TFT

CSV Deduplicator

Exact duplicates are easy. But what about 'Jon Smith' vs 'John Smith'? Our deduplicator catches near-duplicates using fuzzy matching and phonetic algorithms — so your data is clean even when humans weren't consistent.

CSV Fuzzy Deduplicator

Advanced fuzzy matching for near-duplicate detection with similarity threshold

Drag and drop a CSV file here, or click to browse

or paste CSV data below

How Fuzzy Deduplication Works:

  • Uses Levenshtein distance algorithm for string similarity
  • Compares selected columns across all row pairs
  • Calculates average similarity score across columns
  • Rows exceeding threshold are marked as duplicates
  • Later occurrences are removed, keeping the first
  • Useful for catching typos and minor variations

What This Tool Does

This tool finds near-duplicate rows in your CSV using fuzzy string matching. Unlike exact duplicate removal, it catches typos, slight variations, and similar entries like "Jon Smith" vs "John Smith" or "Microsft" vs "Microsoft". Adjust the similarity threshold to control how strict the matching is.

How Fuzzy Matching Works

The tool uses the Levenshtein distance algorithm to measure string similarity:

Levenshtein distance: Counts the minimum number of single-character edits (insertions, deletions, substitutions) needed to change one string into another.

Similarity score: Converts distance to a percentage. 100% means identical, 0% means completely different.

Row similarity: For multi-column comparison, similarity is averaged across selected columns.

Threshold: Rows with similarity above the threshold are considered duplicates.

Example: Fuzzy Name Matching

Input CSV:

name,email,company
John Smith,[email protected],Microsoft
Jon Smith,[email protected],Microsft
Jane Doe,[email protected],Google
Jan Doe,[email protected],Googel

With 85% similarity threshold on name column:

Output CSV:

name,email,company
John Smith,[email protected],Microsoft
Jane Doe,[email protected],Google

"Jon Smith" matched "John Smith" (1 character difference = ~83% similarity)

"Jan Doe" matched "Jane Doe" and "Googel" matched "Google"

Similarity Threshold Guide

95-100%: Nearly identical. Catches only typos and minor variations.

85-94%: Close matches. Good for catching common typos and transpositions.

75-84%: Moderate similarity. Catches more variations but may have false positives.

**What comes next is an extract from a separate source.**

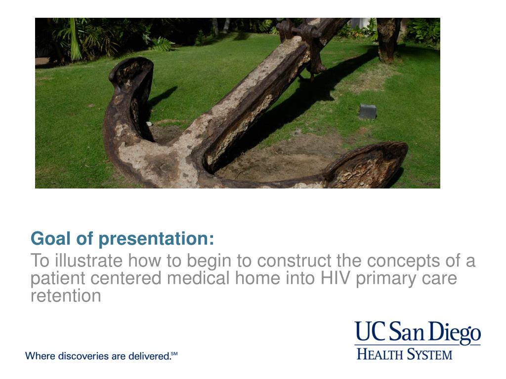 BRINGING RETENTION INTO THE HIV PATIENT CENTERED MEDICAL HOME Amy M. Sitapati, MD Associate Director, Owen Clinic Associate Clinical Professor, Department of Medicine UCSD ANCHOR:A Novel Centered Home Optimizing Retention
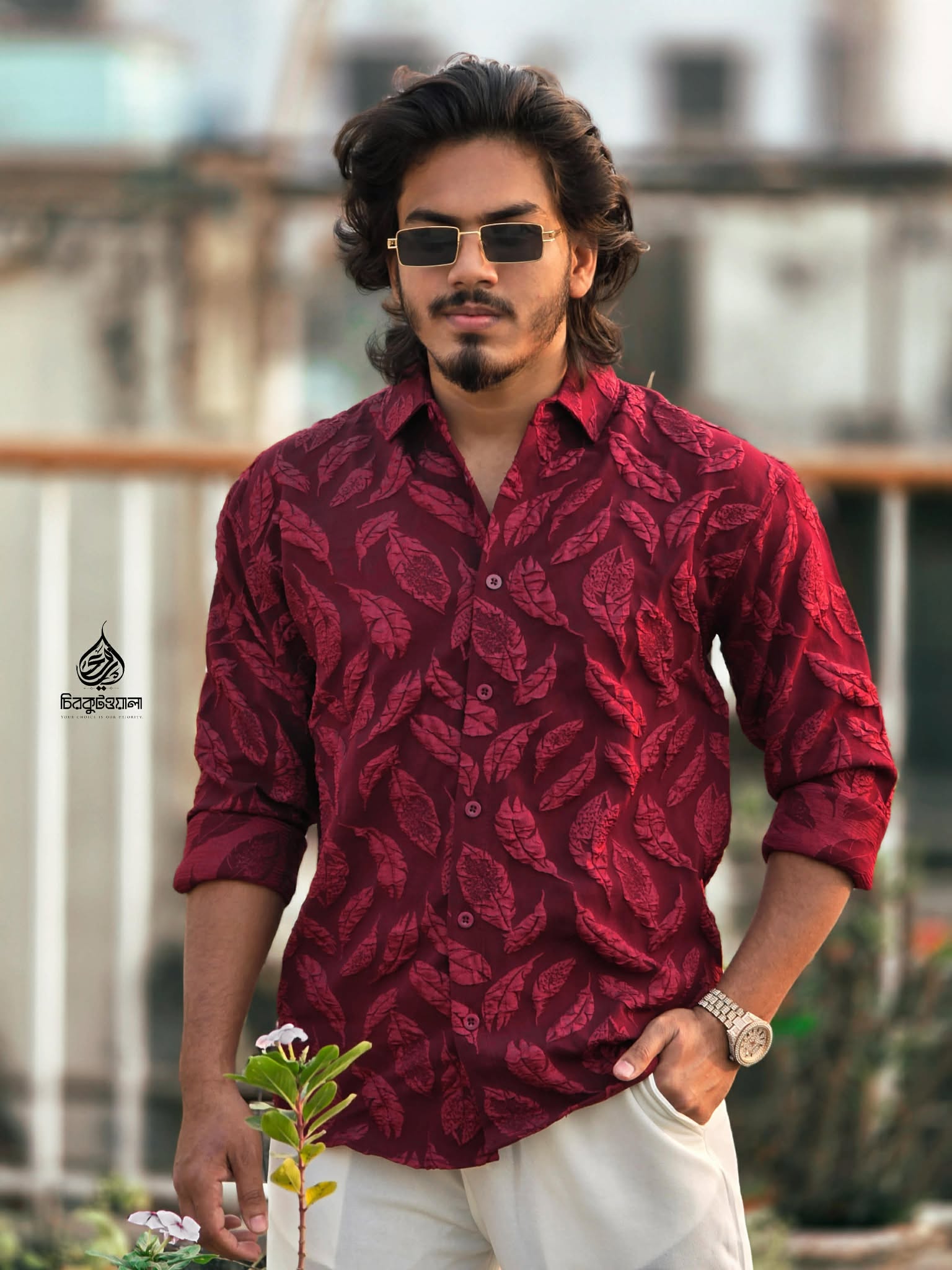 China Luxury Jacquard Shirt 03 Colour (maroon)

50-74%: Loose matching. Use with caution — may match unrelated entries.

Recommendation: Start at 85% and adjust based on results. Review matches before finalizing.

When to Use Fuzzy Deduplication

Customer data cleanup: Merge entries like "IBM", "I.B.M.", and "International Business Machines".

Survey response cleaning: Catch variations in open-text responses like "USA", "U.S.A.", "United States".

Product catalog deduplication: Find similar product names from different suppliers.

Lead list cleanup: Remove duplicate leads with slight name variations from multiple sources.

Address matching: Catch "123 Main St" vs "123 Main Street" vs "123 Main St.".

Column Selection

Choose which columns to compare for similarity:

Single column: Compare only the most important identifier (email, ID, name).

Multiple columns: Average similarity across selected columns. More accurate but stricter.

Tip: For customer data, compare name + email together to avoid false matches on common names.

Visual Match Display

The tool shows potential duplicates with their similarity scores:

Match Found:
  Row 1: John Smith ([email protected])
  Row 2: Jon Smith ([email protected])
  Similarity: 89%
  
  [Keep Row 1] [Keep Row 2] [Keep Both]

Review each match and decide which to keep before finalizing deduplication.

Limitations

Performance: Fuzzy matching is O(n²) — comparing every row to every other row. Files over 10,000 rows may be very slow.

False positives: Low thresholds may match unrelated entries. "Apple" and "Apply" are 80% similar but different.

Language limitations: Levenshtein works best for Latin alphabets. Non-Latin scripts may have different similarity characteristics.

Frequently Asked Questions

How is this different from Duplicate Remover?

Duplicate Remover finds exact matches only. Deduplicator finds near-matches using fuzzy string comparison.

What threshold should I use?

Start at 85% for most cases. Increase to 90-95% for stricter matching, decrease to 75-80% for more aggressive deduplication.

Can this handle large datasets?

Fuzzy matching is computationally intensive. For datasets over 10,000 rows, consider using a dedicated deduplication tool or script.